People tell me again and again that sexualizing and desexualizing are different sides of the same thing … but it doesn’t feel that way. I feel good when men look at me. I feel empowered and happy, not like a piece of meat. Of course, I can feel grossed out or scared, but I take a lot of attention with a grain of salt.
I’ve had some sexual attention and a lot of sexual dismissal. For me, the dismissal is a lot more painful. When nutty stuff happens and men are weird or objectify me, the strange thing is, I don’t think men are bad; what I think is this is how abled-bodied women get treated. I meet it with wonder and fascination.
Ellen: Your new book allows for both “autobiography” and “anti-autobiography.” Is that a tense coexistence? How did you come to decide on having two seemingly antithetical sections in this collection?
Jennifer: The book, which is loosely named after Lyn Heijinian’s book My Life, begins with one person’s specific experience, mine. This is an experience of someone with cerebral palsy who is a mother, wife, New Yorker and poet. The first part of the book also speaks about reaction to disability in general — experiences that I have read about or heard other people with disabilities speak about.
The second part of the book means to move away from my own experience into the realm of how each person’s experience relates (or doesn’t relate) to everyone else’s. We all have our individual experience and our common experience. The second half of the book tells the story of the latter.

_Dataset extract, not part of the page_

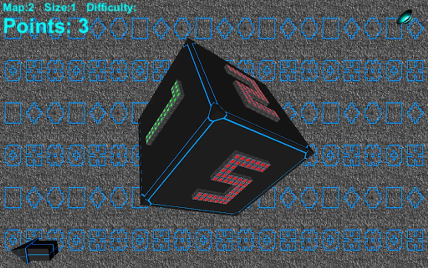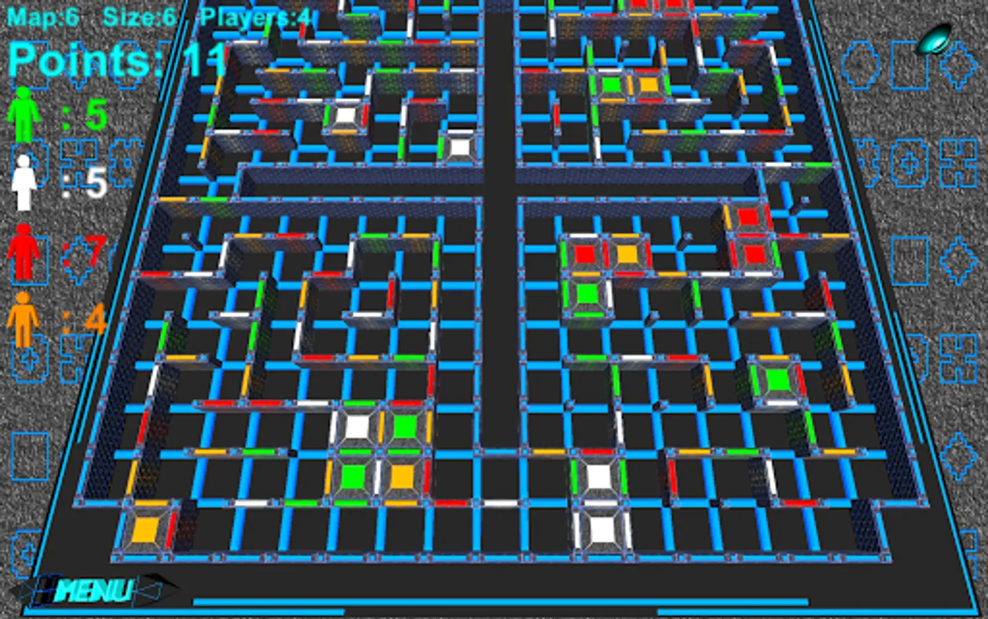 Game Labyrinth Battle has 6 different maps. For each map you can choose 1-6 size. For each size you can choose 1-6 difficulty level (for single-player). In multi-player mode you can choose 2-5 players.
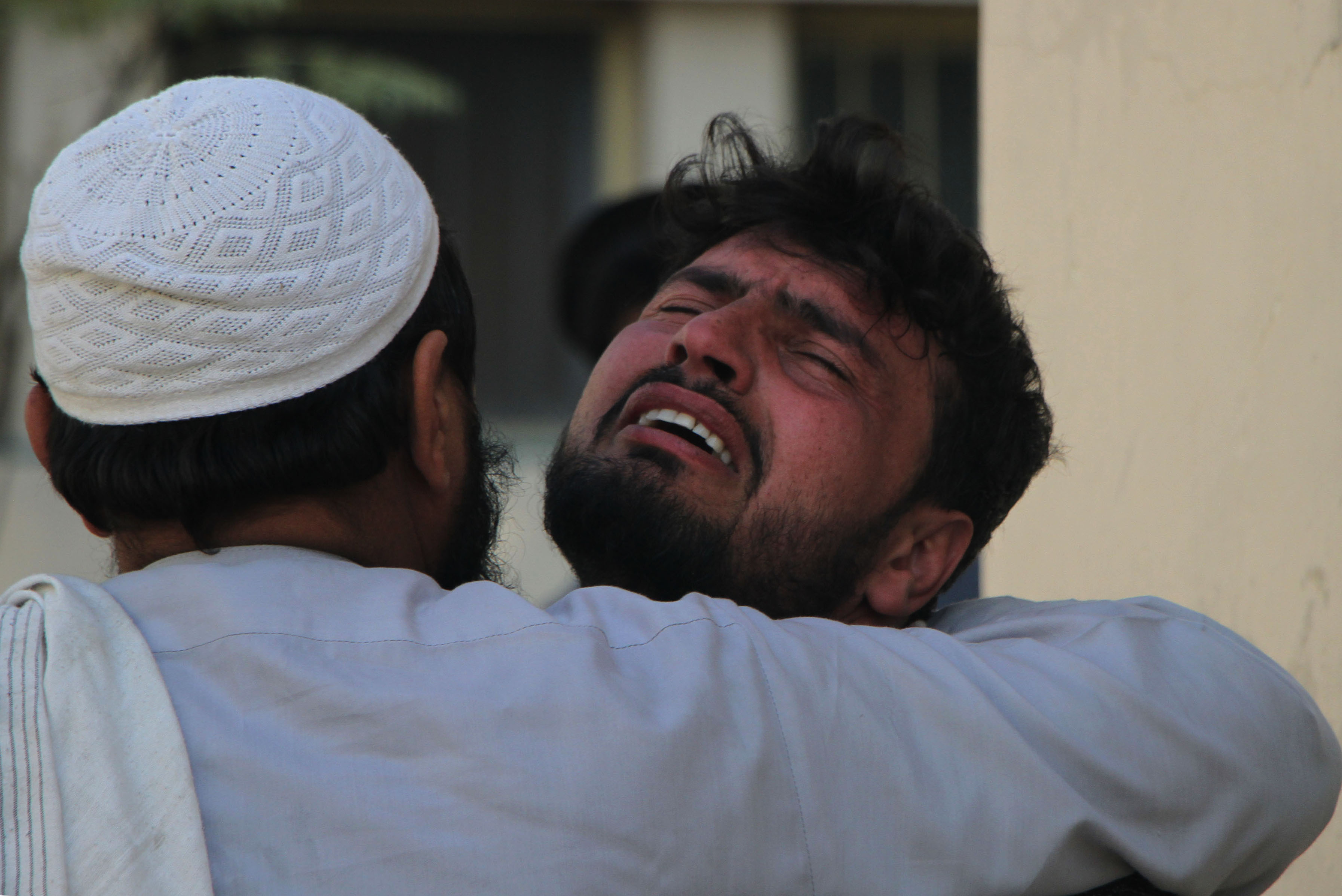 A man mourns for victims killed in an attack in Jalalabad city, Afghanistan, Dec. 4, 2019. Five employees of an aid agency were shot dead and one international staff member of the agency was wounded when the terrorists attacked a vehicle in Jalalabad city, capital of Afghanistan's eastern Nangarhar province on Wednesday, a provincial government spokesman said. (Photo by Saifurahman Safi/Xinhua)

Ellen: You teach workshops in New York and elsewhere, including a workshop at The Poetry Project last fall called “Movement as Poetry: A Workshop on the Somatic and Dis/Ability.” Can you explain how these workshops are formatted and what your experience has been leading others to explore a more embodied poetics?
Jennifer: The workshop was partially inspired by CA Conrad’s work with somatic poetry exercises. Conrad has a book of complex physical activities to lead the poet into writing. I don’t want to speak for Conrad (at all), but what I take from the book is connecting the body and movement directly to one’s poetry — so that the poetry moves through the body onto the page. Anne Waldman had us do similar exercises at Naropa, doing walking meditations and so on. This was my idea (largely) behind the workshop. I guess I want to consider how poems might derive from different bodies — including bodies with “disabilities.”
But the workshop took another turn. What we ended up focusing on was making a “safe” psychological space so that people could feel comfortable sharing their exact experience — whether that experience be queerness, illness, disability, or something entirely different. I think even in poetry it’s hard for people to truly explore who they are. And, as you hinted at before, the “branding” in poetry is so present. How does poetry/a poet exist outside these norms? Well, the answer is you struggle and struggle and find your own way because none of the traditional ways are available to you.
That’s what I want my workshops and work to be about: finding another way.